→ **Your objective**
Give again, character for character, the lines that lie between the first line of the material and the line with "03:04:06Der Streamer macht", inclusive. Omit pictures.

→ **Given information**
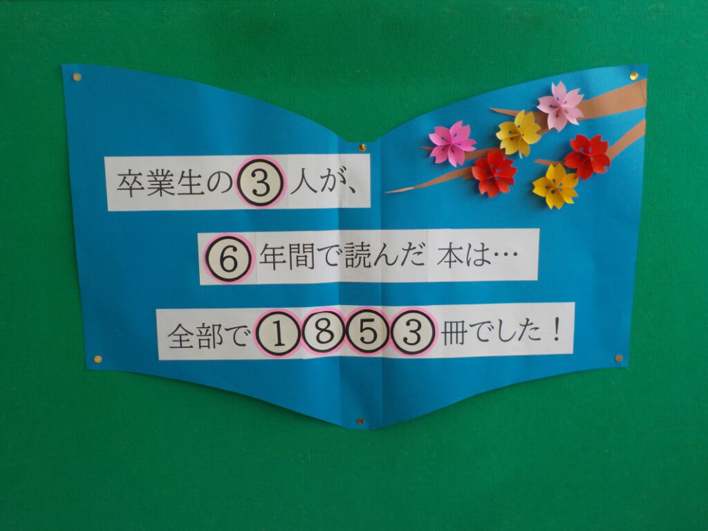 3月16日(月) 卒業生が読んだ本 図書館の掲示に、卒業生3人が読んだ本の冊数が掲示されています。6年間で1853冊になったようです。たくさんの本を読んで、多くのことを学んだことでしょう。こ …
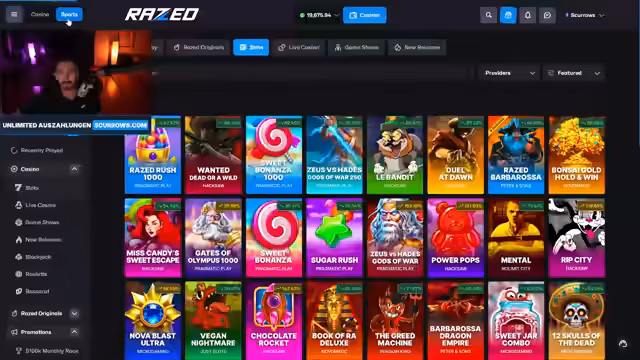 03:04:06Der Streamer macht Werbung für das Angebot von 'scurrows.com', insbesondere für ein 20.000-Dollar-Leaderboard, das jeden Monat verlost wird. Dies wird als entscheidender Vorteil gegenüber anderen Seiten dargestellt. Gleichzeitig wird das Spiel 'Gates of Olympus' gestartet, um weitere Versuche mit dem Kauf von Freispielen zu unternehmen. Die Frustration über die geringen oder nicht existierenden Auszahlungen und die fehlenden 'Fat Bombs' (hohe Gewinnsymbole) bleibt bestehen, was den gesamten Stream dominiert.
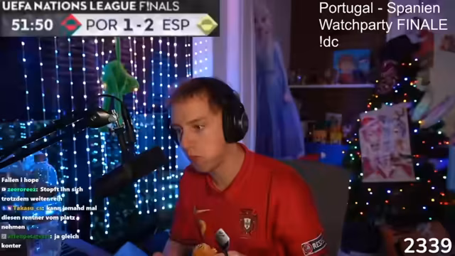 04:39:06Die Stimmung schlägt in Richtung des bevorstehenden Hauptereignisses des Abends, dem Finale der UEFA Nations League zwischen Portugal und Spanien. Der Streamer diskutiert die technischen Anforderungen, um alle Zuschauer mit einzubeziehen. Er erklärt, dass es den meisten Zuschauern an einem RTL Plus-Account fehlt und sucht nach jemanden, der den Stream auf Discord für die restliche Community restreamen kann. Es wird eine热烈 Diskussion über verschiedene Streaming-Optionen, VPNs und Verzögerungen geführt, bis schließlich eine Lösung gefunden wird und das Spiel live geschaut werden kann.

→ **Result**
 3月16日(月) 卒業生が読んだ本 図書館の掲示に、卒業生3人が読んだ本の冊数が掲示されています。6年間で1853冊になったようです。たくさんの本を読んで、多くのことを学んだことでしょう。こ …
 03:04:06Der Streamer macht Werbung für das Angebot von 'scurrows.com', insbesondere für ein 20.000-Dollar-Leaderboard, das jeden Monat verlost wird. Dies wird als entscheidender Vorteil gegenüber anderen Seiten dargestellt. Gleichzeitig wird das Spiel 'Gates of Olympus' gestartet, um weitere Versuche mit dem Kauf von Freispielen zu unternehmen. Die Frustration über die geringen oder nicht existierenden Auszahlungen und die fehlenden 'Fat Bombs' (hohe Gewinnsymbole) bleibt bestehen, was den gesamten Stream dominiert.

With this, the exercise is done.